Votes in Congress are one of the key ways that legislators act. It helps us hold our representatives accountable for their promises and gives the public opportunities to clearly see where members stand on a given issue.
It is a common trope that politicians are, as President Trump succinctly put it in his 2016 presidential campaign, “all talk, no action.” The data backs up the thesis. One report on the recently concluded Congress found that the House of Representatives held the most closed rules — that is, bills being offered in the House without the ability to add amendments — in a single Congress. In other words, rank-and-file members were given no opportunity to advocate for issues of great importance to their constituents by voting on amendments to bills.
In the Senate, opportunities for voting are just as lacking.
Sen. McConnell famously spoke about the importance of an open process in 2014 when he was Senate Minority Leader opposite former Senate Majority Leader Harry Reid (D-NV). In his criticism of Sen. Reid’s tight control of the Senate’s legislative process, Sen. McConnell declared, rightly, that “voting on amendments is good for the Senate, and it’s good for the country.” Pursuit founder and former Senator Tom Coburn was so frustrated with Congressional inaction during this period he left the Senate two years early.

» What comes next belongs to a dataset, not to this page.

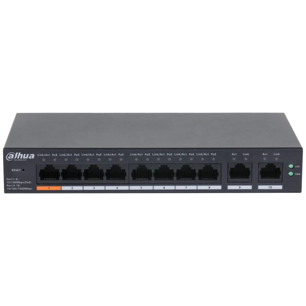 10: 8x10/100 Mbps (PoE), 2x10/100/1000 Mbps (Uplink)
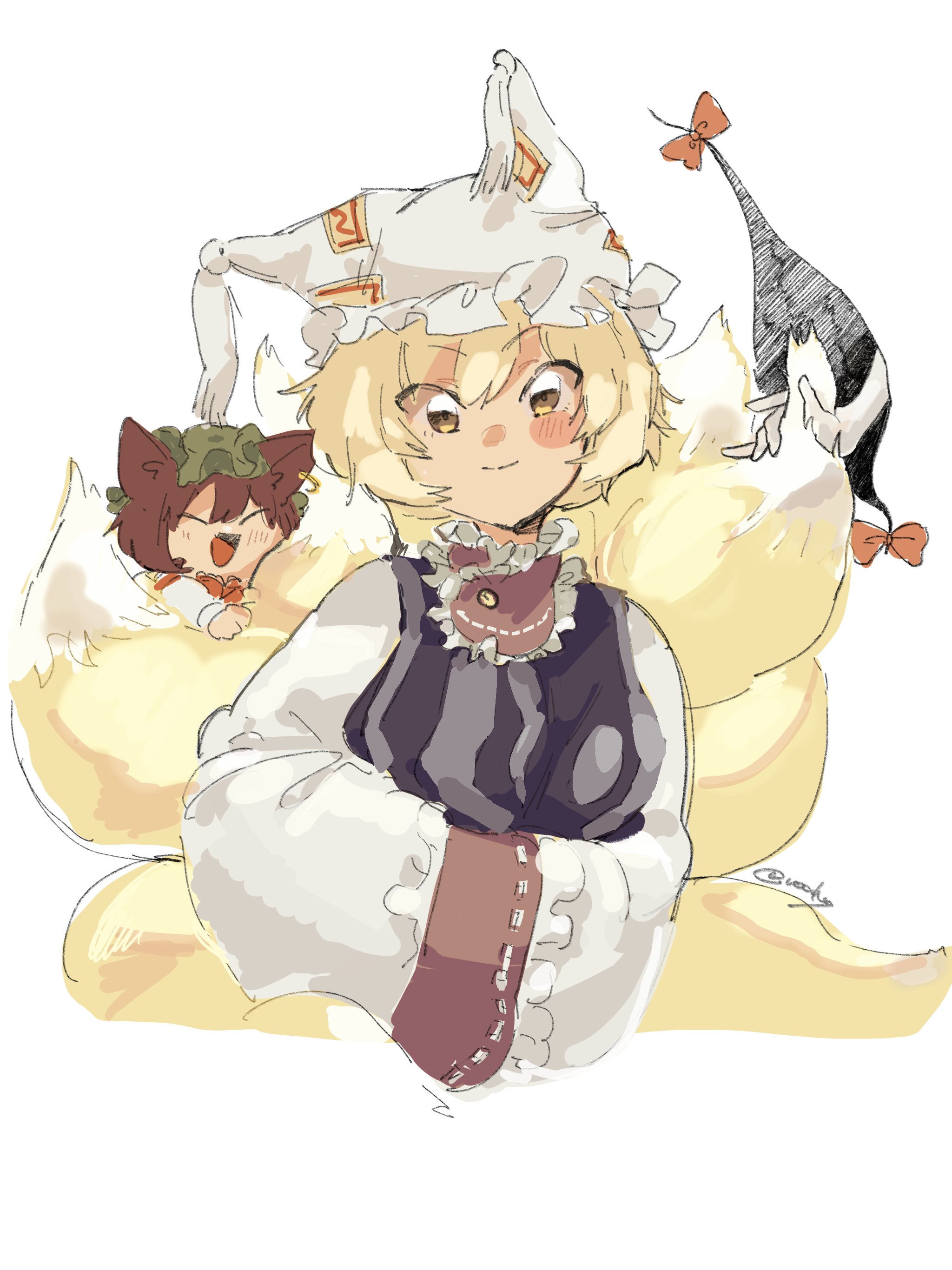 3girls :d absurdres animal_ear_piercing animal_ears arms_up blonde_hair blue_tabard brown_hair cat_ears chen chibi commentary_request cropped_torso earrings fox_ears fox_tail gap_(touhou) green_headwear hands_in_opposite_sleeves happy hat highres jewelry long_sleeves looking_at_viewer mob_cap multiple_girls multiple_tails open_mouth short_hair signature simple_background single_earring smile tabard tail tail_grab tassel touhou upper_body voal white_background white_headwear wide_sleeves yakumo_ran yakumo_yukari yellow_eyes

Despite this promise, as detailed by R Street Institute Senior Fellow James Wallner, Majority Leader McConnell keeps a tight grip on the Senate floor and rarely allows for open process or amendment votes. Amendments as a percentage of votes taken by the Senate hit an all-time low last Congress. This discourages members from offering their ideas to change legislation. McConnell’s tenure as majority leader yielded an average of 827 offered amendments each Congress compared to the average of 1,143 amendments per Congress under Reid.
The dysfunctional process we now accept as a political fact of life would be news to the Framers.
Taking a look back at the record from the Constitutional Convention, lawmakers in our time could learn a lot about how important being active and actually voting on things is to our system. The Framers voted on everything from how the president should be chosen (voting on various proposals over 60 times) to how many houses the legislature should have and how those members should be chosen. The delegates hammered out their differences and were able to forge the Constitution for the oldest democracy in the world by the long and hard process of relentless debating and voting on issues they cared about.
Sen. McConnell’s instincts were correct in 2014. He similarly understands the importance of voting in his vow to hold a vote on the Green New Deal. But this should be the new standard rather than a political tactic.
The road to reversing Congress’s abdication of its power to the other branches will have to involve its members voting more and, to paraphrase Sen. McConnell, give lawmakers an opportunity to go on record in addressing big generational issues like immigration, healthcare, government spending, and the now-$22 trillion national debt.
Congress should be voting more, but what deserves emphasis is how those unaddressed political issues will have damaging consequences that only make forging solutions more difficult. If the only function of voting in our current political environment is to embarrass political rivals and foster more cynicism about the process, it should come as no surprise that power and showmanship take precedent over responsible legislating.